The material below holds the lines to copy: from the one with "Este produto é" up to and including the one with "合浦县沙岗镇一家农业公司智能大棚内培育的小黄瓜(12月27日摄)。". Copy them exactly and skip the pictures.

---- Record extracts

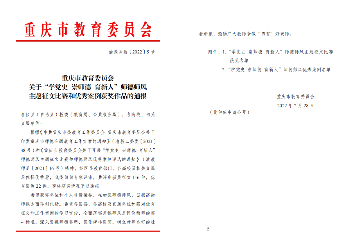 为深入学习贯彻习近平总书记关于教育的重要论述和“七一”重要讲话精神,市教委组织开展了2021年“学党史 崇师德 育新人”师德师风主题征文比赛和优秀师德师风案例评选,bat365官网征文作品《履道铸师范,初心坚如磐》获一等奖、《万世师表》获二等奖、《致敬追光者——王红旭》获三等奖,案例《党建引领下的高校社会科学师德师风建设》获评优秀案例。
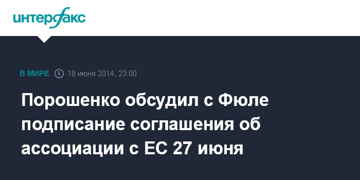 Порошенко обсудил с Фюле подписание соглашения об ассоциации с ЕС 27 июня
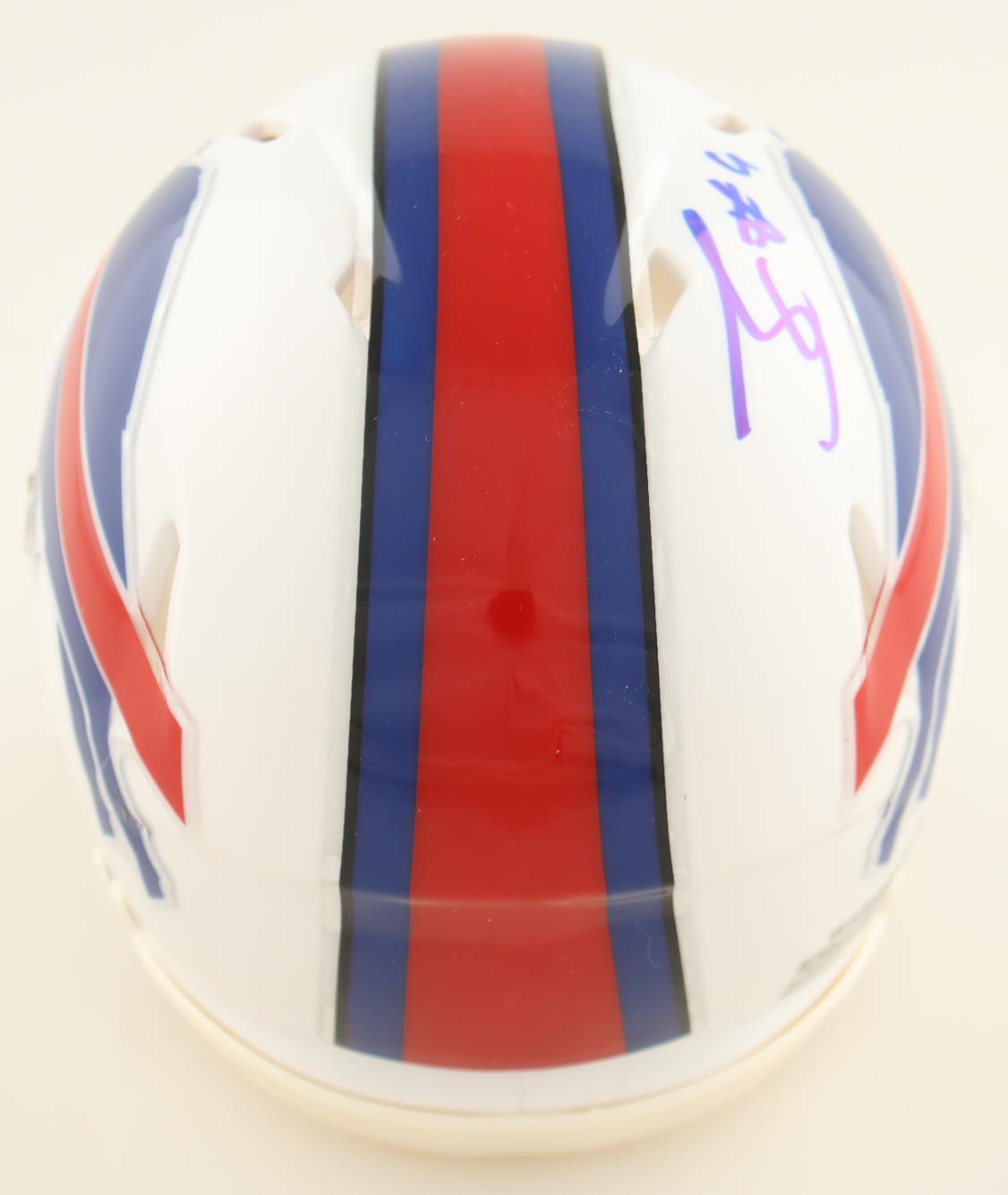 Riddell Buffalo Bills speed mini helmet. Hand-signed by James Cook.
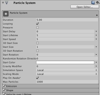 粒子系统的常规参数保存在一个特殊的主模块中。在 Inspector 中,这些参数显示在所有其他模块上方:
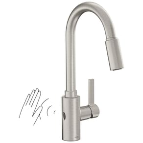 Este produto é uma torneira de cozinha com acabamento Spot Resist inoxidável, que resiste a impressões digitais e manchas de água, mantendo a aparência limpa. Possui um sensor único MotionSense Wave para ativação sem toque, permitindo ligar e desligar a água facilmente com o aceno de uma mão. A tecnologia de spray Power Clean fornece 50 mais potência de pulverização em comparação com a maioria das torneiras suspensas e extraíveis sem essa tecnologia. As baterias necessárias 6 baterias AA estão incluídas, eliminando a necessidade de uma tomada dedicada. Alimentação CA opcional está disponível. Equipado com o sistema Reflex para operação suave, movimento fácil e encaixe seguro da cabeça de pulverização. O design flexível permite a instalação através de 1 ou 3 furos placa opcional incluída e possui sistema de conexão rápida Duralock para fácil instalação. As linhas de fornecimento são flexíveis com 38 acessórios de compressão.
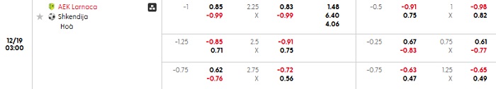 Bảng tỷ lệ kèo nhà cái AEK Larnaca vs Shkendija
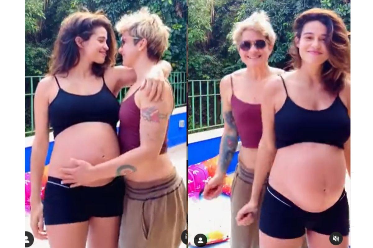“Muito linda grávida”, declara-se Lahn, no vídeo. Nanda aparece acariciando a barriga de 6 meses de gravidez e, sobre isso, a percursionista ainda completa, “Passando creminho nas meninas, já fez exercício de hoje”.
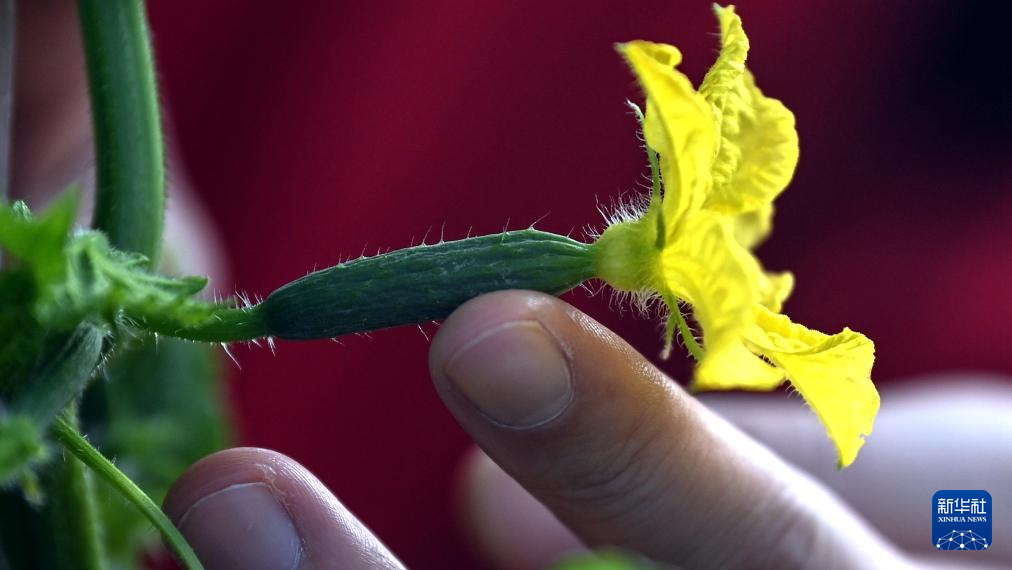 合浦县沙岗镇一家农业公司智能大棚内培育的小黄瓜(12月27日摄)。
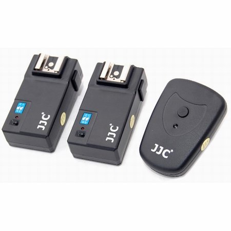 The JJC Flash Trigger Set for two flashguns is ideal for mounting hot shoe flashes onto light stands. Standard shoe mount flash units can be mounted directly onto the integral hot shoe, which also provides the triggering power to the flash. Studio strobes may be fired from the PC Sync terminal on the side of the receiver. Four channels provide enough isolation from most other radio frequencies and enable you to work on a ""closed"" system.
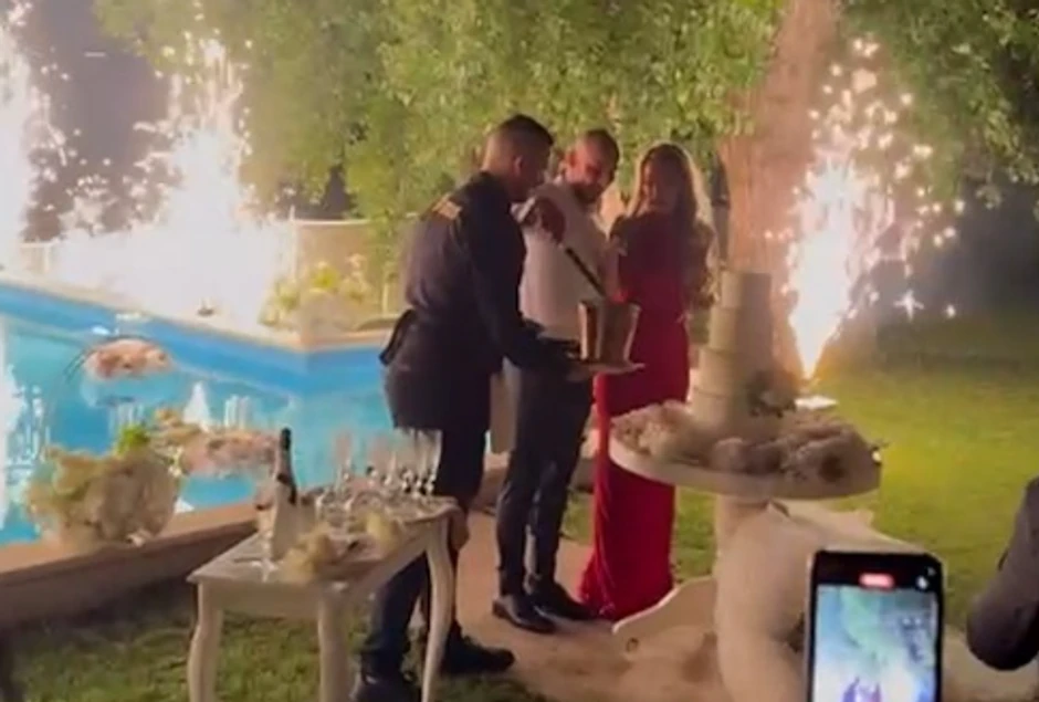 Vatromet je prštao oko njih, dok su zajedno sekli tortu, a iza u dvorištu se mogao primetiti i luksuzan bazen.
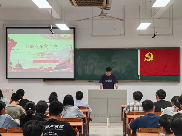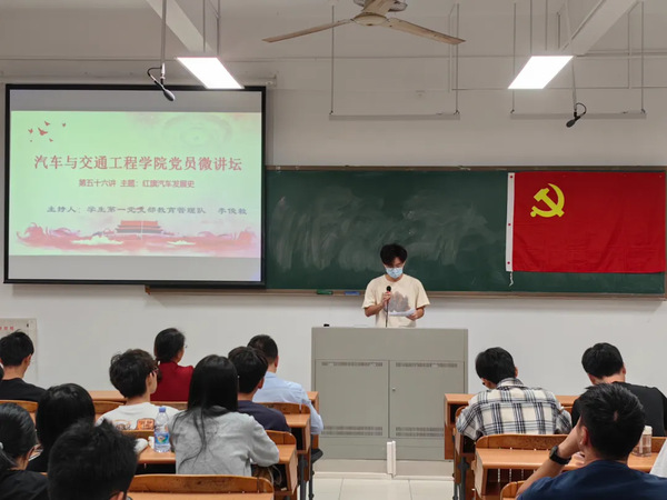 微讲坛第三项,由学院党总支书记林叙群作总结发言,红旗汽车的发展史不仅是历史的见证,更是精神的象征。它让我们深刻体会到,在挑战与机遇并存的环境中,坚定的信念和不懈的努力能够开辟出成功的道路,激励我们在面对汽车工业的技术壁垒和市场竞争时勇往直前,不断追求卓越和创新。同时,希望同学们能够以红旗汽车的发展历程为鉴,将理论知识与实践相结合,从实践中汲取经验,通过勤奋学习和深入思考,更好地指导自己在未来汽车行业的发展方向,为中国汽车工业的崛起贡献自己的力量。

--------
---- Record extracts

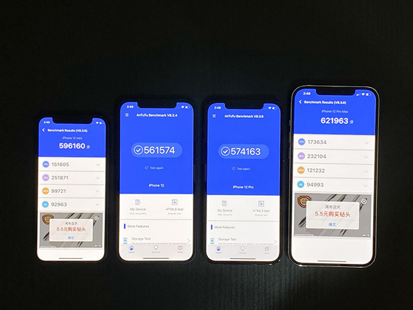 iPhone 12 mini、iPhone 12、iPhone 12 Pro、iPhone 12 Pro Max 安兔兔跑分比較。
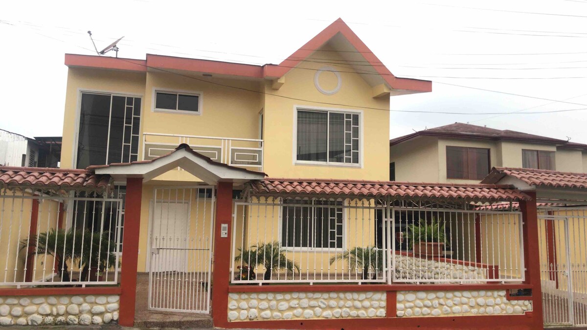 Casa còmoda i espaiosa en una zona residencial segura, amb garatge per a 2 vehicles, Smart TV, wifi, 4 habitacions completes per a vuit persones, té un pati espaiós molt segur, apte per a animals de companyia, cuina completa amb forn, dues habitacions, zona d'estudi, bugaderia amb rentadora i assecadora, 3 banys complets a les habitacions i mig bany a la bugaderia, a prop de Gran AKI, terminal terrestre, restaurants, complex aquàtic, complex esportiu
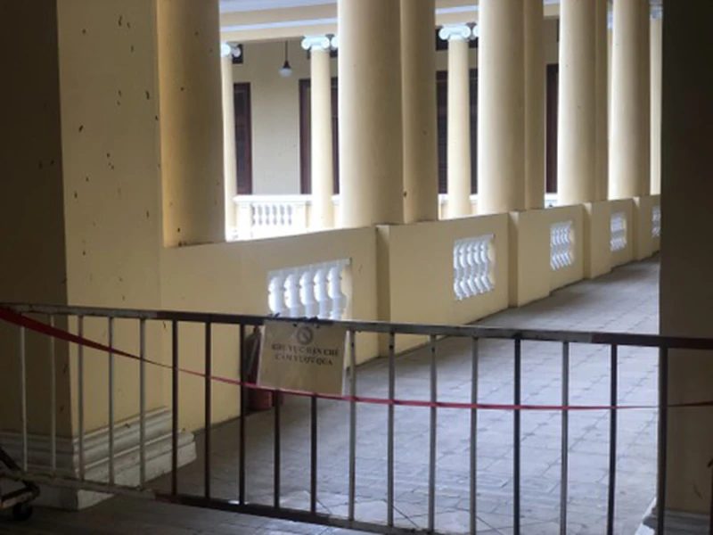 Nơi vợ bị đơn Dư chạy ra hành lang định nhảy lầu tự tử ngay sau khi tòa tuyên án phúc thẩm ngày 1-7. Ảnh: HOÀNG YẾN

--------

**Final answer:**
 Este produto é uma torneira de cozinha com acabamento Spot Resist inoxidável, que resiste a impressões digitais e manchas de água, mantendo a aparência limpa. Possui um sensor único MotionSense Wave para ativação sem toque, permitindo ligar e desligar a água facilmente com o aceno de uma mão. A tecnologia de spray Power Clean fornece 50 mais potência de pulverização em comparação com a maioria das torneiras suspensas e extraíveis sem essa tecnologia. As baterias necessárias 6 baterias AA estão incluídas, eliminando a necessidade de uma tomada dedicada. Alimentação CA opcional está disponível. Equipado com o sistema Reflex para operação suave, movimento fácil e encaixe seguro da cabeça de pulverização. O design flexível permite a instalação através de 1 ou 3 furos placa opcional incluída e possui sistema de conexão rápida Duralock para fácil instalação. As linhas de fornecimento são flexíveis com 38 acessórios de compressão.
 Bảng tỷ lệ kèo nhà cái AEK Larnaca vs Shkendija
“Muito linda grávida”, declara-se Lahn, no vídeo. Nanda aparece acariciando a barriga de 6 meses de gravidez e, sobre isso, a percursionista ainda completa, “Passando creminho nas meninas, já fez exercício de hoje”.
 合浦县沙岗镇一家农业公司智能大棚内培育的小黄瓜(12月27日摄)。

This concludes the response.